In PSHE students learn about Sexual Health and Relationships as well as Substance abuse. In Citizenship topics such as The Law, Crime and Punishment, Media, Britain a multicultural society, Government and the European Union are covered.

Lessons are engaging and are both teacher and student led. Speakers are invited to facilitate some lessons and trips to Havering College, Romford Magistrates Courts and Parliament are organised annually.

GCSE Citizenship students must complete two Active Citizenship Campaigns. Some of the campaigns that was done in the past include; Healthy Schools, Fair Trade and International Day.

The department has an interactive white board, camera and video recorder.

The exam board used is OCR and both the short and full course is offered.

Religious Education

As R.E. teachers we walk a tightrope between engagement and objectivity. We have to see faiths as an outsider would view them but retain the ability to make judgement as to what will benefit students at Redden Court, creating the best possibilities for personal growth.

The R.E. department has grown in leaps and bounds since 2002. It still remains a popular option for Students sitting GCSE at KS4, although not included in the Ebacc. In 2007 RCS was the first secondary school to receive the Michael Edwards award for the most innovative teaching and learning in Havering. May it long continue along this vein?

R.E. is an academic field of study that examines the secular beliefs, behaviours and institutions. It contributes to student’s wider development including SMSC and also SEAL. It also enables students to explore contentious issues, develop an opinion whilst still respecting others viewpoints. Students are given the opportunity to carry forward they own personal search for what is true and what is good.

Our aim as a department is to make R.E. accessible to all students of faith and secular stances.
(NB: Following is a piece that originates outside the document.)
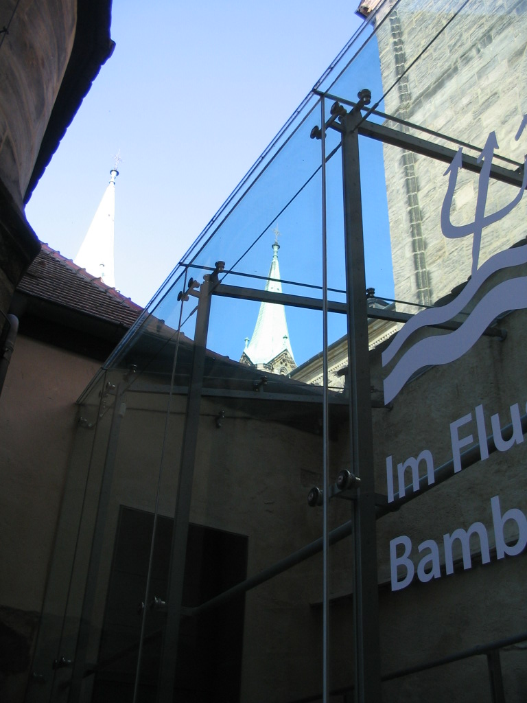 ...and it was this partial (I think) glass enclosure in another corner of the Hofhaltung, here with the Dom spires peeking over. At the moment I can't quite recall from the photos or memory the precise configuration of the glazing or why it was there.

We also aim to enable students to develop positive attitudes to learning and the beliefs of others. We want them to also should develop self-awareness, respect for all, open-mindedness, appreciation and wonder. Another aim is to engage them in argument and thought –provoking activities thereby learning to disagree respectfully.  Lastly to ensure students are prepared for this world by creating a high quality learning environment with a positive contribution to society.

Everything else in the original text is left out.